Fan always on and on high RPM with Linux (= poor battery life)

I tried a lot of different distros of Linux with my Gemibook XPro, but always with the same result: With a new enough kernel everything seems to work, but even when idle the fan is on high RPM. The air coming out back is also quite warm and Linux shows a battery life of less than 3h, so obviously the CPU burns through a lot of energy. With Windows there is no problem: When idle the fan is off about half of the time or runs with low RPM. With very light usage I can get more than 7h out of it.

With Ubuntu and the energy profile set to “battery saving” I can tame the fan a little bit (but the RPMs are always in the medium range) and get 4-5h of battery life, but I think this is due to throttling the CPU, which is of course unsatisfactory.

Does anybody know, what I can do about this? Any BIOS settings that are OK with Windows, but that Linux doesn’t like? This problem sounds to me like the CPU doesn’t use power saving states. Could some driver or setting solve the problem?

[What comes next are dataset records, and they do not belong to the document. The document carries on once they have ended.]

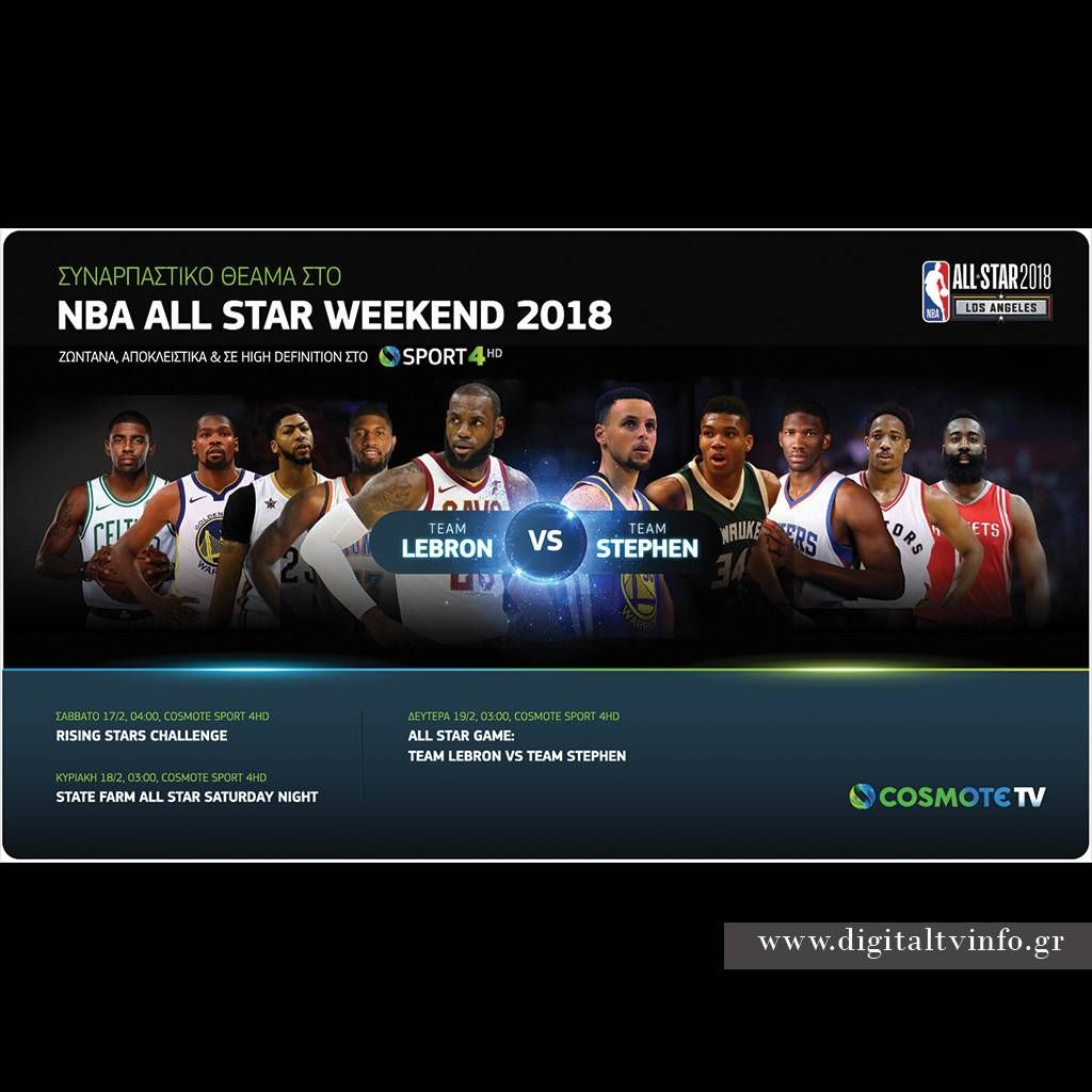 Στο μπάσκετ, ξεχωρίζει το τριήμερο δράσης από το NBA All Star Weekend (Σάββατο 17/2, 04.00 έως Δευτέρα 19/2, 03.00, COSMOTE SPORT 4HD) στο οποίο θα παρακολουθήσουμε και τον Γιάννη Αντετοκούνμπο, για δεύτερη συνεχή χρονιά. Ο «Greek Freak» επελέγη από τον Στέφεν Κάρι για να είναι στην ομάδα που θα αντιμετωπίσει τους εκλεκτούς του ΛεΜπρον Τζέιμς, τα ξημερώματα της Δευτέρας.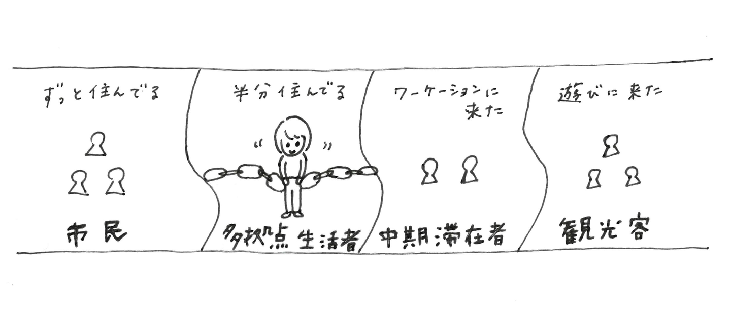 寺井 その地域のことを全く知らない人がいきなり長期滞在することで起きてしまう問題ってあるよね。薫さんみたいな地域の内と外とを行き来しながらつなぐ人の存在は大事なことだと思う。「市民 ー 半分住んでる多拠点生活者 ー ワーケーションに来た中期滞在者ー 観光客」っていうグラデーションのイメージ。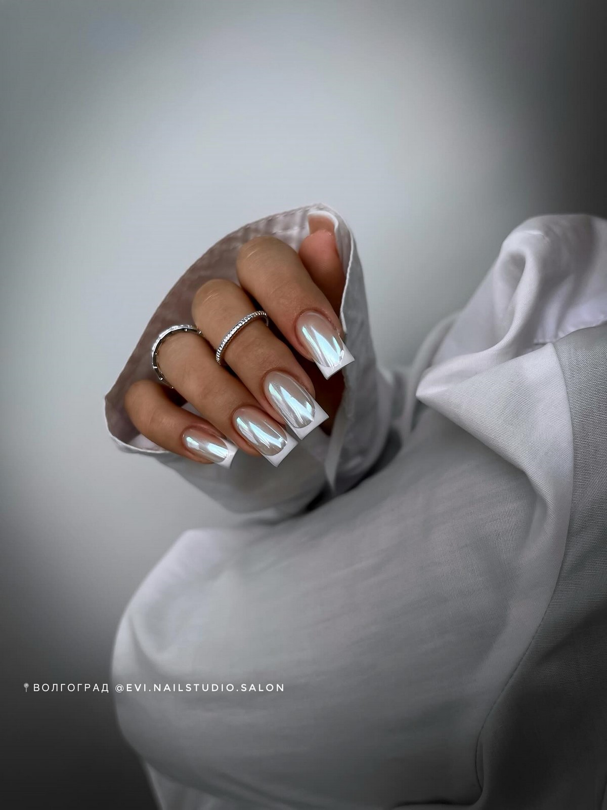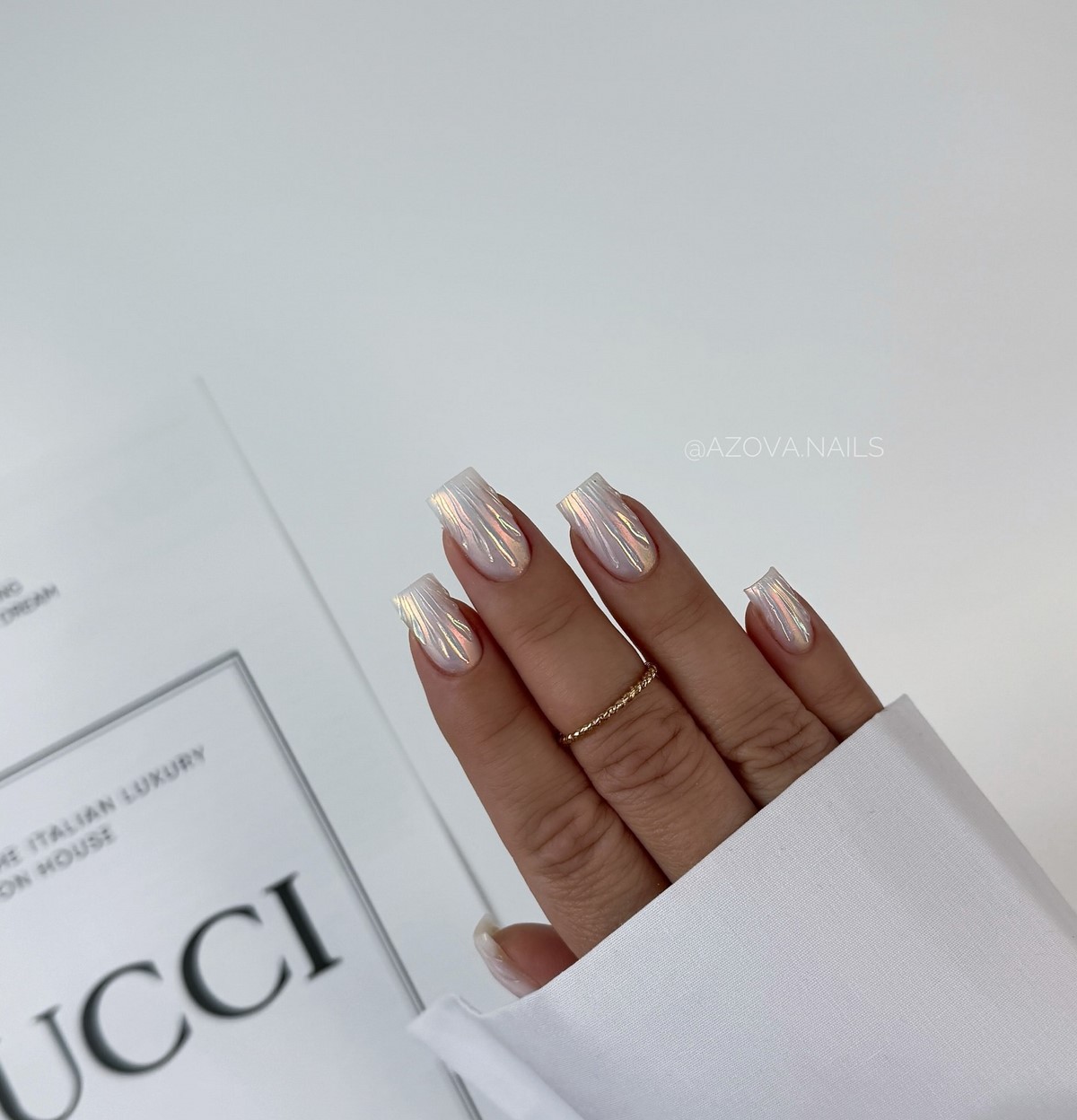 Перламутровое сияние жемчужной втирки превращает ногти в изысканное украшение с благородным блеском. Декабрь 2025 предлагает втирки с холодным подтоном – серебристо-голубые, розово-лиловые, светло-серые, создающие эффект морозного инея. Техника нанесения втирки на всю поверхность ногтя дает ровное перламутровое покрытие, а частичное применение позволяет создавать акценты и геометрические узоры.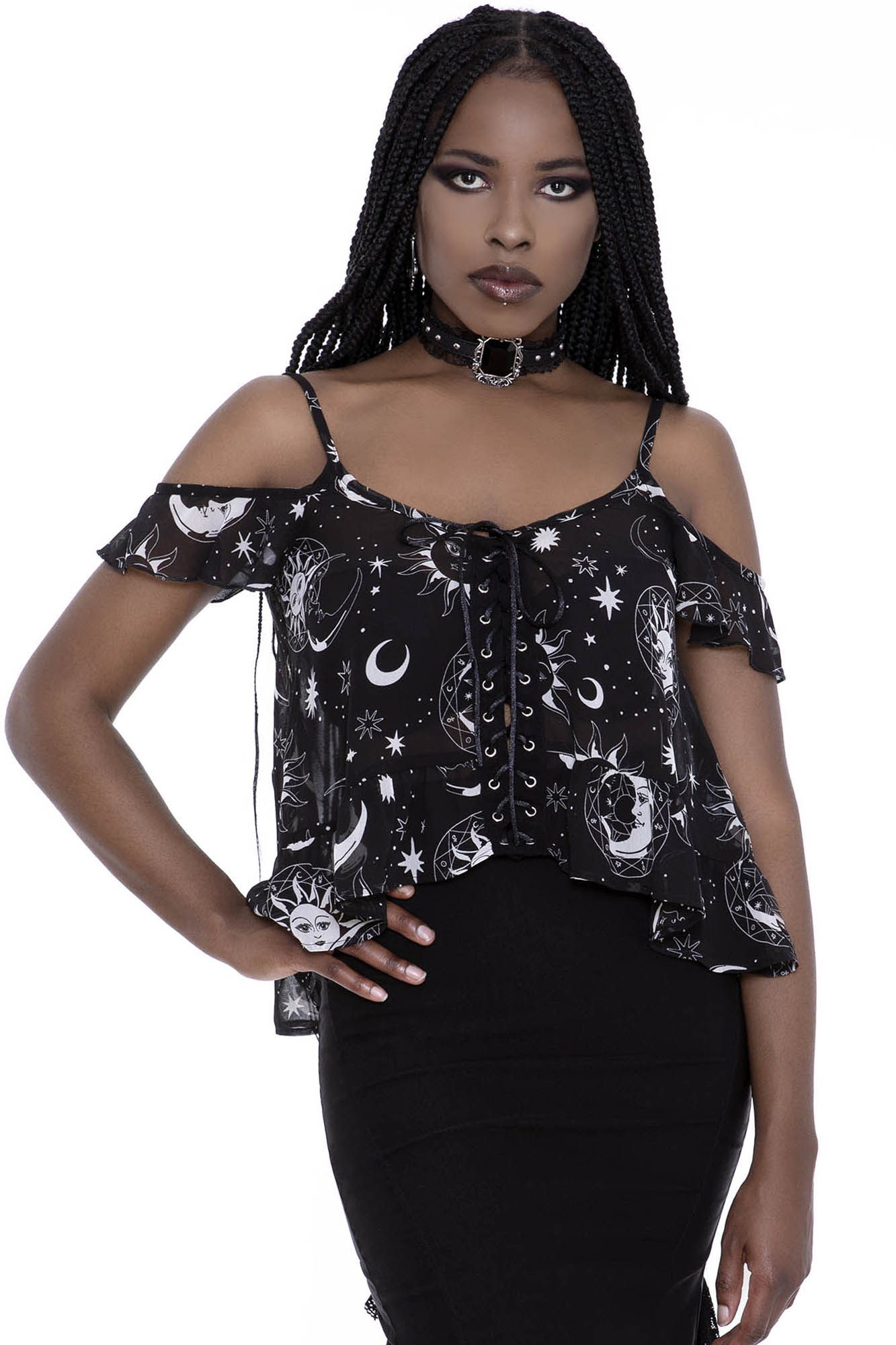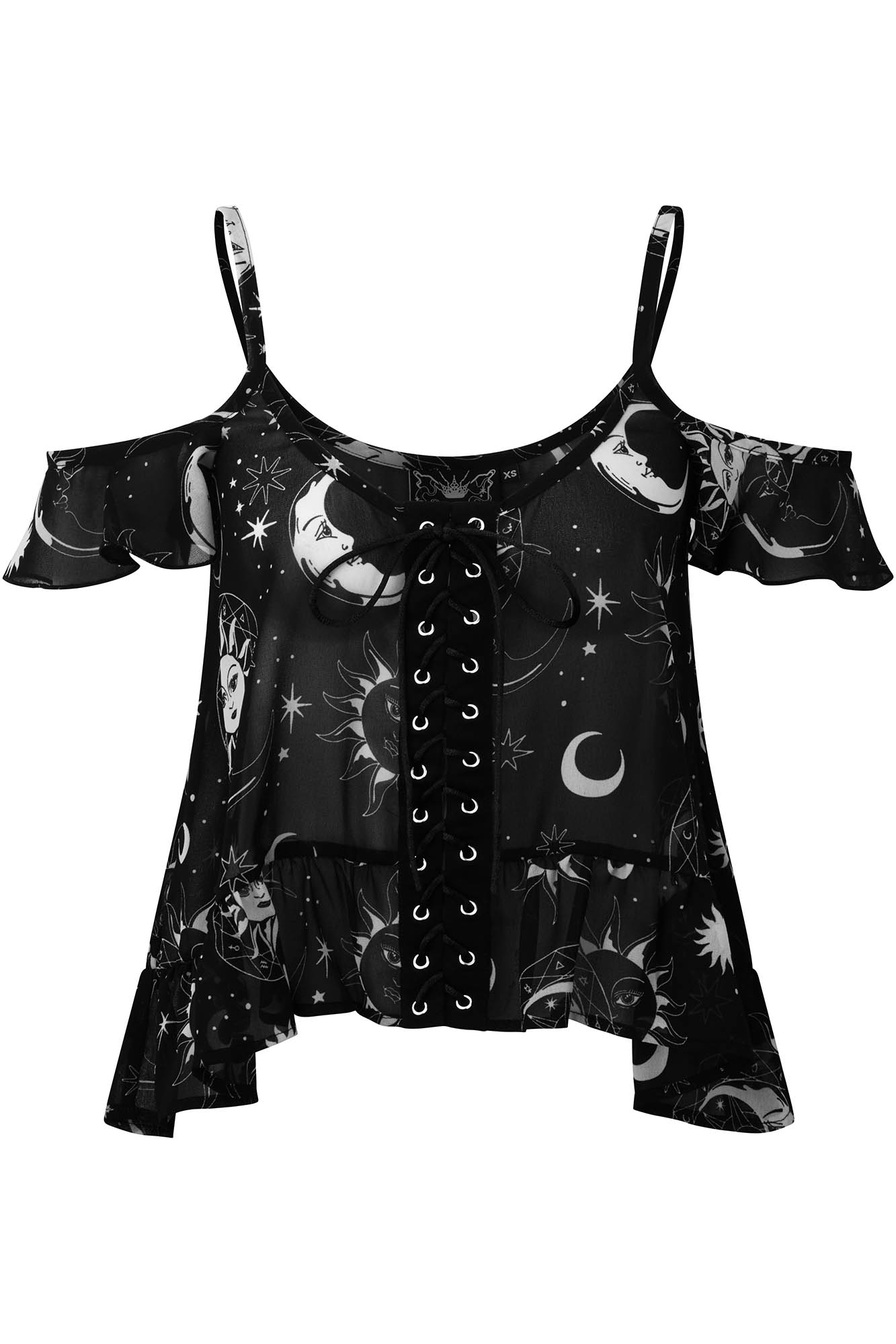 Defy the heat and allow yer heart to beat; the 'Astral Light' chiffon top is just the saviour you need for hot nights/days. Super feminine with lush soft fabric, low neckline, and thin straps, statement corset-lace front and decorated with a beautiful statement graphic of vintage suns & moons. Simplicity mixed with a perfect balance of decadence - will charge you with an instant magical flow.

Any help would be greatly appreciated.

maybe @leledumbo knows something :).

From what I can google, Gemibook XPro seems to have similar specs with my MiniBook X N100. However, it’s indeed not a guarantee as fan control and the whole cooling system is potentially different.

Since it works fine with Windows, indeed this could be something with the fan control from the software side. So first, do you have TLP / LMT / powerTOP / any battery savings measure installed and running?

Also, install cpufrequtils then run:

$ watch -n 3 'cpufreq-info | grep "frequency is"'

see if the frequencies ever get down to under 1Ghz (N100 can go down to 700Mhz) when idle (wait for like 9 seconds after running, it needs time to get idle).

Alternatively, cpupower-gui can show the same in a simple GUI app. If you can get this running, a screenshot would be helpful.

I forgot to mention above, that I am using a live image. That shouldn’t make a difference though, should it?

I now installed cpufrequtils and run the command. Since I am not writing this from the live Linux system, I cannot provide a screenshot. It shows about 80% of the time a CPU frequency of around 3,4 GHz and 20% of the time 700 MHz when idle (for a long time).

I then installed TLP and nothing changed. I also did that with an earlier boot of the system. However, after a couple of minutes the fan suddenly slowed down. It never stops, but now the noise is bearable. Now cpufrequtils shows ~700-860 MHz all the time. Seems, I did not wait long enough the last time I installed TLP (also I did not know that Linux doesn’t seem to (correctly?) use power saving states as a default).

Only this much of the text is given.